Care Homes: Employers' Contributions

(asked on 29th March 2022) - View Source

Question to the HM Treasury:

To ask the Chancellor of the Exchequer, what assessment his Department has made of the impact of the 1.5 per cent increase in employer national insurance contributions on care home operators; and whether he has plans to exempt the care sector from that increase.


Answered by
Lucy Frazer Portrait
Lucy Frazer
Secretary of State for Culture, Media and Sport
This question was answered on 19th April 2022

The increase to Employer National Insurance contributions by 1.25 percentage points is expected to raise £975 million per year from employers carrying out health and social care activities. The Government cannot break this down to show the cost to care home operators.

The Government has made the tough but responsible choice to increase taxes to fund a significant increase in permanent spending on the NHS and social care. There are no plans to exempt the care sector from the National Insurance increase.

On the 7 September the Government announced that we would be investing an additional £5.4 billion over the next three years using the funds raised by the levy to begin a comprehensive programme of reform for adult social care.

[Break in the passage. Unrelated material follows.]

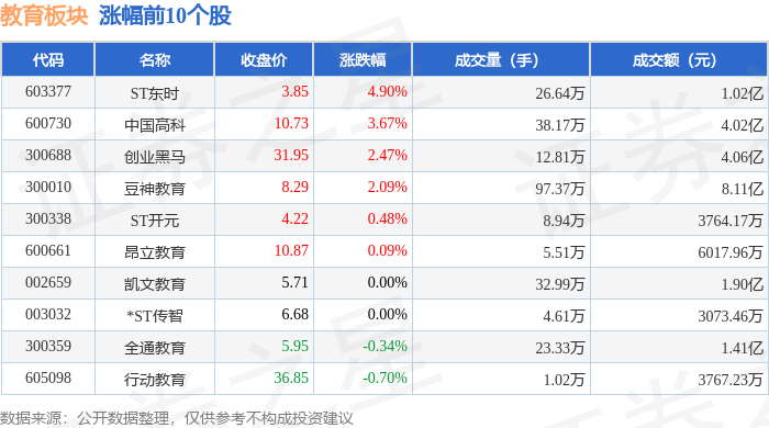 证券之星消息,9月9日教育板块较上一交易日下跌0.14%,科德教育领跌。当日上证指数报收于3807.29,下跌0.51%。深证成指报收于12510.6,下跌1.23%。教育板块个股涨跌见下表: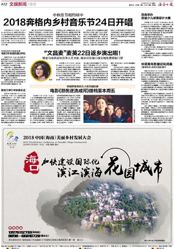 | 海南日报 文娱新闻综合 012 2018-09-171 2018年09月17日 星期一 |

Additionally, local authorities can make use of over £1 billion of additional resource specifically for social care in 2022-23. This includes £636 million more into the Social Care Grant, including funding for equalisation against the 1 per cent Adult Social Care (ASC) precept, an inflationary uplift to the improved Better Care Fund to support integrated working with the NHS, and a 1 per cent ASC precept and deferred flexibilities from last year's settlement.